Eggs Benedict is a brunch fave that almost every popular restaurant carries to appease hungry customers. It isn’t often a meal that is made at home, but a neat little machine called Joule, which heats and circulates water for sous vide cooking, has made it super easy to have perfectly cooked eggs with the signature runny yolk and it simultaneously cooks the sauce.
If you don’t have one on-hand, it doesn’t mean your opportunity for home-cooked Eggs Benedict is lost. Keep reading for steps on how you can enjoy this delicious meal.
- English Muffins
- Dill, fresh
To make the Hollandaise sauce:
- 40 g champagne vinegar
- 25 g shallot reduction
- 60 g water
- 3 g kosher Salt
- 20 g lemon juice
- 6 egg yolks
- 150 g butter, salted
Hollandaise sauce steps:
- Combine vinegar and shallots in a small pot over high heat and reduce until half of the liquid has evaporated. Strain to remove the shallots.
- Combine the reduction in a freezer bag along with the remaining ingredients and allow it to cook in the Joule for 1-2 hours (if you have one), otherwise add the ingredients to a pot and allow it to slowly simmer until ideal thickness is achieved.
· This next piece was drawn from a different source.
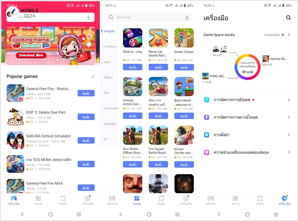 Game Center เป็นอีกหนึ่งฟีเจอร์สำหรับครับคอเกม โดยเป็นศูนย์รวมของเกมที่น่าสนใจ ที่มีการแบ่งหมวดหมู่ไว้อย่างชัดเจน ทำให้ง่ายต่อการค้นหาและดาวน์โหลด นอกจากนี้ Game Space ยังมาพร้อมความสามารถในการเข้าถึงข้อมูลสำคัญในระหว่างการเล่นเกม เช่น ดูข้อมูล CPU อุณหภูมิ และปริมาณข้อมูลการใช้งาน โดยทำงานร่วมกับ Ultra Game Mode ที่สามารถปิดข้อความ และการแจ้งเตือนต่าง ๆ ในขณะเล่นเกม ให้คุณสามารถมุ่งเน้นไปกับการเล่นเกมได้อย่างเต็มที่

- Blend to give the sauce a smooth texture.
Putting it all together:
- Pop your eggs into a freezer bag and set it in the Joule for 1-2 hours or soft boil eggs in a pot of water for a runny yolk, or cook longer if you prefer the yolk to harden.
- Halve English muffins. Butter both sides of the bread and lightly toast in a skillet until slightly browned.
- Place ham on top of the English muffins and create a nest-like shape for the egg to sit.
- Place the peeled egg in the center of the ham and then cover with hollandaise sauce. Sprinkle with minced dill and a hint of paprika (optional).